> [Requirement]
Your answer should be the records below, written out exactly.

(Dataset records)
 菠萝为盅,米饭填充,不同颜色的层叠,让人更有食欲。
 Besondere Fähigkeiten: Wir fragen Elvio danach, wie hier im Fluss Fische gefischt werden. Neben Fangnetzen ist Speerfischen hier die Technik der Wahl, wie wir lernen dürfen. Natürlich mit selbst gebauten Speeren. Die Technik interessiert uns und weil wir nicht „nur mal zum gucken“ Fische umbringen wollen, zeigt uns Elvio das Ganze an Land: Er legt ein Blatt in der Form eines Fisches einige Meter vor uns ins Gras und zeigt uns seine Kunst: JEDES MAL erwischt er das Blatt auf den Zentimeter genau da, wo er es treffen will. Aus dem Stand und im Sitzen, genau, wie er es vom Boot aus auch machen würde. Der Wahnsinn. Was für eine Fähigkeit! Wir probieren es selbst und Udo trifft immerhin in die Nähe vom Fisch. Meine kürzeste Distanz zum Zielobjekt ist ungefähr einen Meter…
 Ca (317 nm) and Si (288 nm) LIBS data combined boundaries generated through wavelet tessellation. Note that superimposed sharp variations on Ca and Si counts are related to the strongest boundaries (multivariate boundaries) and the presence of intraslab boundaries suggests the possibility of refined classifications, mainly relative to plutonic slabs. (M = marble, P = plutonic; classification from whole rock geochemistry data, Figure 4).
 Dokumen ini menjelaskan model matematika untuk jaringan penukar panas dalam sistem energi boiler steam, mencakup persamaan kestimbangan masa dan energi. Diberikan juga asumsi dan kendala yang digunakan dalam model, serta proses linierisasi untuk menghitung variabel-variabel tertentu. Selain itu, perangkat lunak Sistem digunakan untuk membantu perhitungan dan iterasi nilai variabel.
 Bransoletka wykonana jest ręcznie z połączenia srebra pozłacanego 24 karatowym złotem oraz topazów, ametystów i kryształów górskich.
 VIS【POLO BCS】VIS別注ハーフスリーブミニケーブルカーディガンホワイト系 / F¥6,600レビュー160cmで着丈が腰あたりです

> [Expected answer]
 菠萝为盅,米饭填充,不同颜色的层叠,让人更有食欲。
 Besondere Fähigkeiten: Wir fragen Elvio danach, wie hier im Fluss Fische gefischt werden. Neben Fangnetzen ist Speerfischen hier die Technik der Wahl, wie wir lernen dürfen. Natürlich mit selbst gebauten Speeren. Die Technik interessiert uns und weil wir nicht „nur mal zum gucken“ Fische umbringen wollen, zeigt uns Elvio das Ganze an Land: Er legt ein Blatt in der Form eines Fisches einige Meter vor uns ins Gras und zeigt uns seine Kunst: JEDES MAL erwischt er das Blatt auf den Zentimeter genau da, wo er es treffen will. Aus dem Stand und im Sitzen, genau, wie er es vom Boot aus auch machen würde. Der Wahnsinn. Was für eine Fähigkeit! Wir probieren es selbst und Udo trifft immerhin in die Nähe vom Fisch. Meine kürzeste Distanz zum Zielobjekt ist ungefähr einen Meter…
 Ca (317 nm) and Si (288 nm) LIBS data combined boundaries generated through wavelet tessellation. Note that superimposed sharp variations on Ca and Si counts are related to the strongest boundaries (multivariate boundaries) and the presence of intraslab boundaries suggests the possibility of refined classifications, mainly relative to plutonic slabs. (M = marble, P = plutonic; classification from whole rock geochemistry data, Figure 4).
 Dokumen ini menjelaskan model matematika untuk jaringan penukar panas dalam sistem energi boiler steam, mencakup persamaan kestimbangan masa dan energi. Diberikan juga asumsi dan kendala yang digunakan dalam model, serta proses linierisasi untuk menghitung variabel-variabel tertentu. Selain itu, perangkat lunak Sistem digunakan untuk membantu perhitungan dan iterasi nilai variabel.
 Bransoletka wykonana jest ręcznie z połączenia srebra pozłacanego 24 karatowym złotem oraz topazów, ametystów i kryształów górskich.
 VIS【POLO BCS】VIS別注ハーフスリーブミニケーブルカーディガンホワイト系 / F¥6,600レビュー160cmで着丈が腰あたりです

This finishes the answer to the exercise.